Predictive Analytics to Cut Manufacturing Risk

For manufacturers to be successful in today’s volatile economic landscape, they must react quickly to challenging events and rely more often on managing operations on a predictive basis.

riskIn fact, 86% of the top performing manufacturers are using analytics to reduce risk and improve operating performance, compared to 38% of average performing companies and 26% of industry laggards, according to research from Aberdeen Group.

Companies that feed data from their risk management systems into analytics and dashboarding applications can “more easily get the ‘big picture’ view of that state of their manufacturing operations – where the biggest risks lie – and most importantly where they should focus their efforts,” the report notes.

The top risk to manufacturers in terms of impact on the business is the failure of critical assets, the study finds.

The best performing companies report 18% higher overall equipment effectiveness and 13% less unscheduled asset downtime compared to the lowest performing organizations, according to Aberdeen.

The top performing companies have the ability to automate the collection and sharing of data to support predictive decision making.

Top performing companies also:

  • Pinpoint the plant assets and production processes that are high risk, establish a threshold value to monitor the risk and notify employees if the value deviates
  • Develop company strategies to ensure that predetermined thresholds remain accurate
  • Prioritize identifying and fixing problem areas
  • Track improvements in risk management by comparing current performance against baseline measure

Too often manufacturers identify historical information in standard key performance indicators without incorporating predictive analytics so they can look forward, notes Rob Handfield, supply chain professor at N.C. State University’s Poole College of Management, in a recent blog post.

“Where the real insights began to occur is when information that was presented in the context of baseline and trends emerged, leading to quick identification of deviations, variations, and trending patterns that could quickly lead to team reviews and action items,” he notes. “It is this context of ‘what does good (or bad) look like?’ that leads to the most important insights.”

Additionally, manufacturers should be open to thinking about and identifying data other than what typically resides in a database, he notes in a separate post.

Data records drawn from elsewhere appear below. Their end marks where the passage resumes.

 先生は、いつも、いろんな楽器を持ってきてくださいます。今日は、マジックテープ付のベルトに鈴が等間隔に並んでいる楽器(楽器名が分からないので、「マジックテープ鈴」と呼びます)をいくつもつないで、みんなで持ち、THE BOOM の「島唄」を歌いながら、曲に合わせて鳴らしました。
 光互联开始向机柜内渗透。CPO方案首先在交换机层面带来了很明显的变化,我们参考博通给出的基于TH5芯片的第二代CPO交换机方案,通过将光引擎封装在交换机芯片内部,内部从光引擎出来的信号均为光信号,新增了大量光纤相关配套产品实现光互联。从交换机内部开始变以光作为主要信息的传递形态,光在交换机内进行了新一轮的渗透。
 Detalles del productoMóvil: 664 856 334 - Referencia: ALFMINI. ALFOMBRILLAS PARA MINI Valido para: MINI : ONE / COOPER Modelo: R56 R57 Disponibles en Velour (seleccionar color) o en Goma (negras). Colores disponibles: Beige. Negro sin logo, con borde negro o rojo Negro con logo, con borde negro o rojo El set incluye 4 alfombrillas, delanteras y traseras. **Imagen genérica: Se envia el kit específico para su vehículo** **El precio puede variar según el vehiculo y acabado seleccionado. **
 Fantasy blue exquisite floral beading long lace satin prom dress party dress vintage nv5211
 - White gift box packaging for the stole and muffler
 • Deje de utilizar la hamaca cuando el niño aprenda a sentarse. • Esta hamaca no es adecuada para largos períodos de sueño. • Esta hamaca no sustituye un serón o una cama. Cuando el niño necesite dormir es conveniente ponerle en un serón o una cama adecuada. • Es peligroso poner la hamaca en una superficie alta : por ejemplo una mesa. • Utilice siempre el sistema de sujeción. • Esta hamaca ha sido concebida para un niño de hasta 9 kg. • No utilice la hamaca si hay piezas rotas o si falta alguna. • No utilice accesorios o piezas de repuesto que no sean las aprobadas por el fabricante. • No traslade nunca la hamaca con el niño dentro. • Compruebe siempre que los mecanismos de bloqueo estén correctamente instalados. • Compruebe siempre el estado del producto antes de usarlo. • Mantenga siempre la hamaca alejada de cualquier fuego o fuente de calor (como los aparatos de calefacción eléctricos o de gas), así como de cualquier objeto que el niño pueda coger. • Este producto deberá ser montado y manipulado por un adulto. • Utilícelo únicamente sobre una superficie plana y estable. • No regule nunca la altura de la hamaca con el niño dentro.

“One of the things that is important is being able to open up your ears and eyes to drive creative thinking into other types of data that might be available that are not currently in your standard database,” he says. “Is there proxy data that can be used to approximate other related variables that can provide good insights into the parameter of interest? Are there other pieces of data that might be directly related but correlate to what we are trying to solve? This could include public domain data or economic data.”

In the supply chain domain, there is a strong need for manufacturing analytics for collaborative forecasting, inventory management and production planning, Handfield notes.

“One of the big themes is the need to drive end to end integration – so that demand sensing algorithms can provide early warning of surges (or slowdowns) in demand, that can be tracked and driven back into the supply chain, beginning with improved warehouse and distribution management, transportation management, production planning, and supplier capacity and order collaboration,” he adds.

“People need to have metrics that drive transparency on events both in the short-term, but that also provide input into broader strategic decisions, such as longer-term needs for capacity, or even slowdowns that translate to postponing major capacity investments,” Handfield says.